## WHAT NEEDS TO BE DONE
From first line to last, print the records exactly, but leave out the pictures.

## PROVIDED DATA
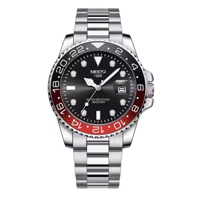 Ervaar de ultieme combinatie van sportieve klasse en tijdloze luxe met de Nibosi GMT Sport Edition. Het horloge is geïnspireerd op klassieke duikdesigns en straalt kracht en verfijning uit door zijn tweekleurige bezel en robuuste roestvrijstalen band. Lees meer.
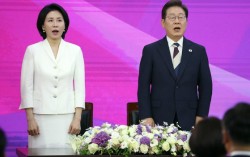 이재명 대통령 부부가 4일 서울 여의도 국회에서 열린 취임선서에 앞서 애국가를 부르고 있다. 국회사진기자단 이재명 대통령이 취임 첫날인 4일 빨강과 파랑이 배색된 넥타이를 매고 취임 선서를 했다. 푸른색은 더불어민주당, 붉은색은 국민의힘의 상징색으로 통합 의지를 …
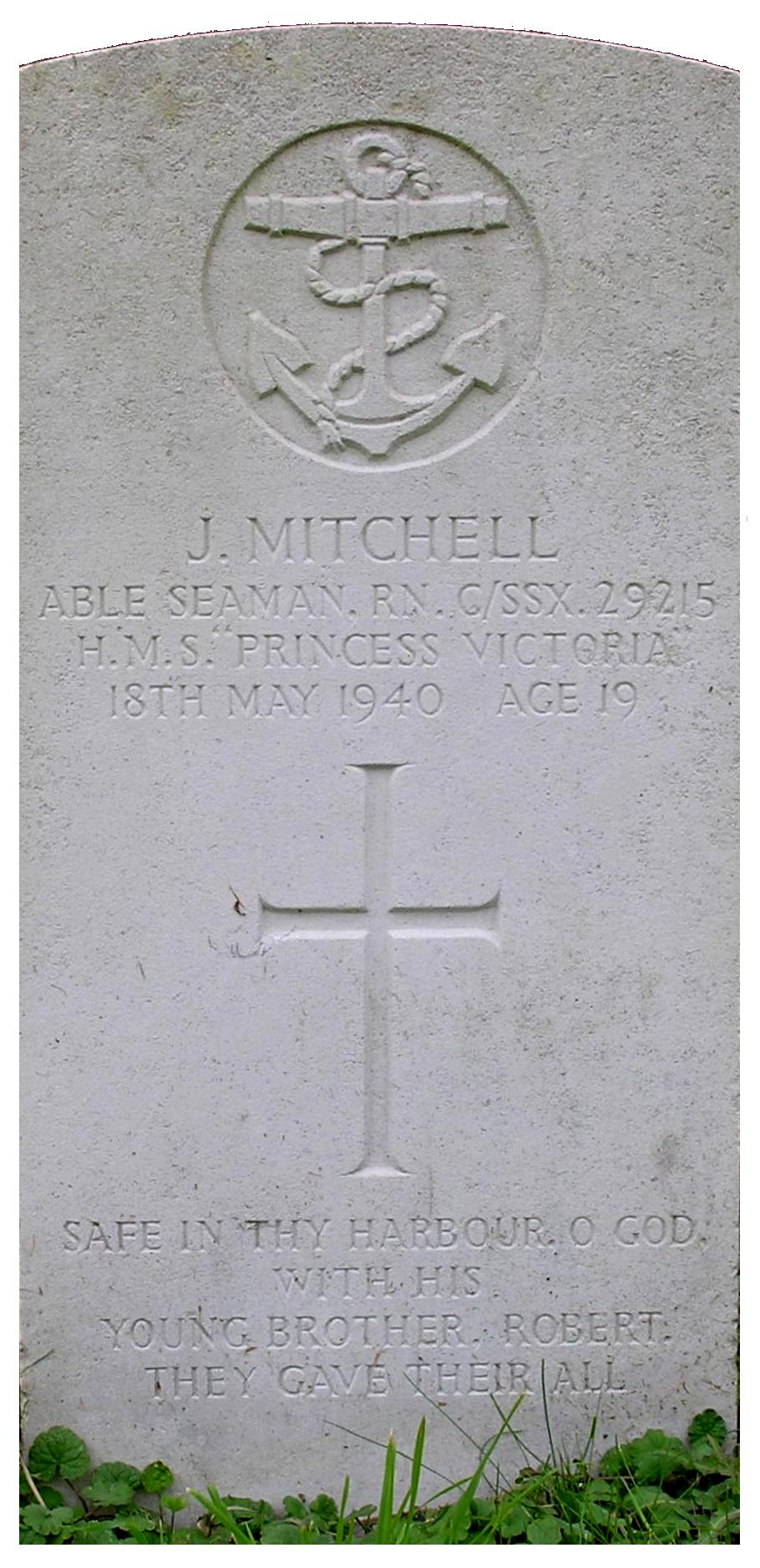 Able Seaman C/SSX 29215, H.M.S. Princess Victoria, Royal Naval Volunteer Reserve.  Killed when his ship, a minelayer, sank after striking a mine at the mouth of the River Humber, 18 May 1940. Aged 19. Son of Robert Wright Mitchell, and of Sarah Mitchell, of Shaw, Lancashire. His brother Robert also died on service. Buried Cley-Next-The-Sea (St. Margaret) Churchyard.
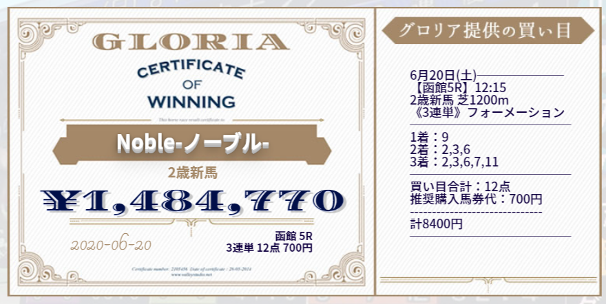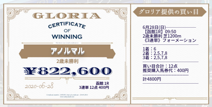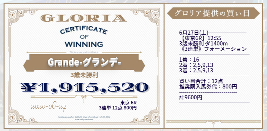 このように高配当馬券が毎週のように的中する新サイト『GLORIA』のご紹介です。
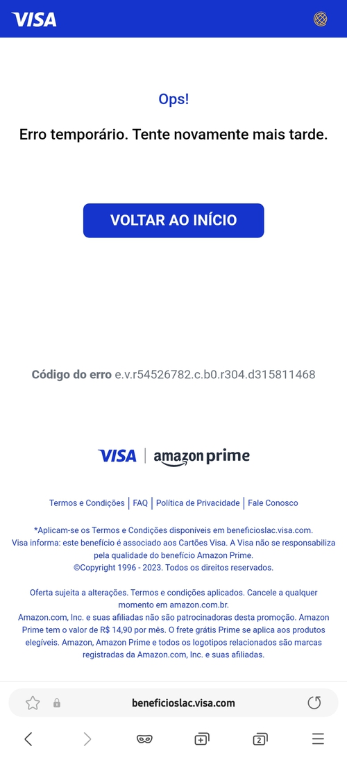 aqui ativou no site da visa, mas quando logo na amazon dá conta inválida pra promoção...
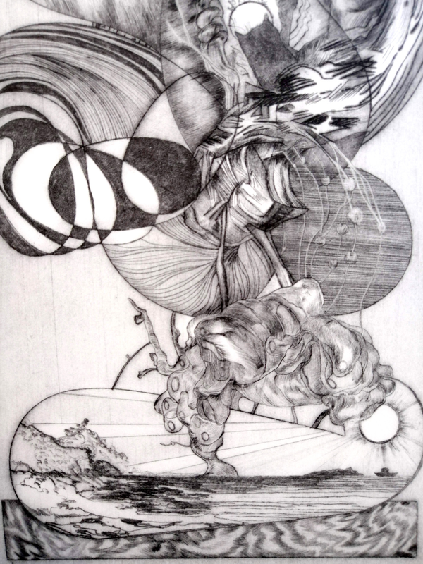 Incidere attraverso la luce. E’ quello che accade utilizzando matrici polimere fotosensibili. Nel caso specifico l’artista ha realizzato su carta un disegno a china con pennino e pennello, lo ha scansionato e riportato su pellicola trasparente. Con un bromografo a luce ultravioletta ha posato la pellicola sulla superficie fotosensibile, ottenendo così il fissaggio di alcune parti del polimero. L’azione della luce ha prodotto dei micro solchi, un risultato del tutto simile all’azione dell’acido. Infine con procedimento in stampa à la poupée ha ottenuto un’immagine con sfumature delicate di diversi colori.
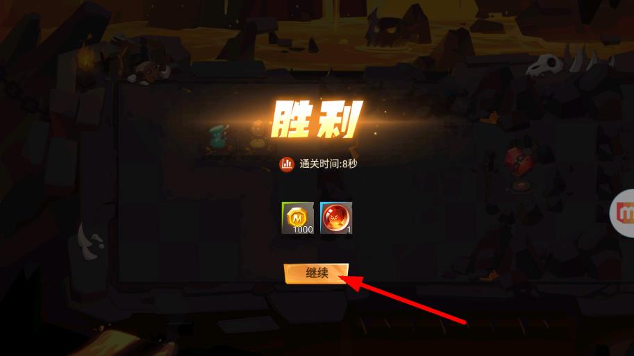 4、通關后會顯示勝利界面,可獲得金幣等獎勵,點擊繼續按鈕,開啟下一輪塔防挑戰。

## TASK ANSWER
 Ervaar de ultieme combinatie van sportieve klasse en tijdloze luxe met de Nibosi GMT Sport Edition. Het horloge is geïnspireerd op klassieke duikdesigns en straalt kracht en verfijning uit door zijn tweekleurige bezel en robuuste roestvrijstalen band. Lees meer.
 이재명 대통령 부부가 4일 서울 여의도 국회에서 열린 취임선서에 앞서 애국가를 부르고 있다. 국회사진기자단 이재명 대통령이 취임 첫날인 4일 빨강과 파랑이 배색된 넥타이를 매고 취임 선서를 했다. 푸른색은 더불어민주당, 붉은색은 국민의힘의 상징색으로 통합 의지를 …
 Able Seaman C/SSX 29215, H.M.S. Princess Victoria, Royal Naval Volunteer Reserve.  Killed when his ship, a minelayer, sank after striking a mine at the mouth of the River Humber, 18 May 1940. Aged 19. Son of Robert Wright Mitchell, and of Sarah Mitchell, of Shaw, Lancashire. His brother Robert also died on service. Buried Cley-Next-The-Sea (St. Margaret) Churchyard.
 このように高配当馬券が毎週のように的中する新サイト『GLORIA』のご紹介です。
 aqui ativou no site da visa, mas quando logo na amazon dá conta inválida pra promoção...
 Incidere attraverso la luce. E’ quello che accade utilizzando matrici polimere fotosensibili. Nel caso specifico l’artista ha realizzato su carta un disegno a china con pennino e pennello, lo ha scansionato e riportato su pellicola trasparente. Con un bromografo a luce ultravioletta ha posato la pellicola sulla superficie fotosensibile, ottenendo così il fissaggio di alcune parti del polimero. L’azione della luce ha prodotto dei micro solchi, un risultato del tutto simile all’azione dell’acido. Infine con procedimento in stampa à la poupée ha ottenuto un’immagine con sfumature delicate di diversi colori.
 4、通關后會顯示勝利界面,可獲得金幣等獎勵,點擊繼續按鈕,開啟下一輪塔防挑戰。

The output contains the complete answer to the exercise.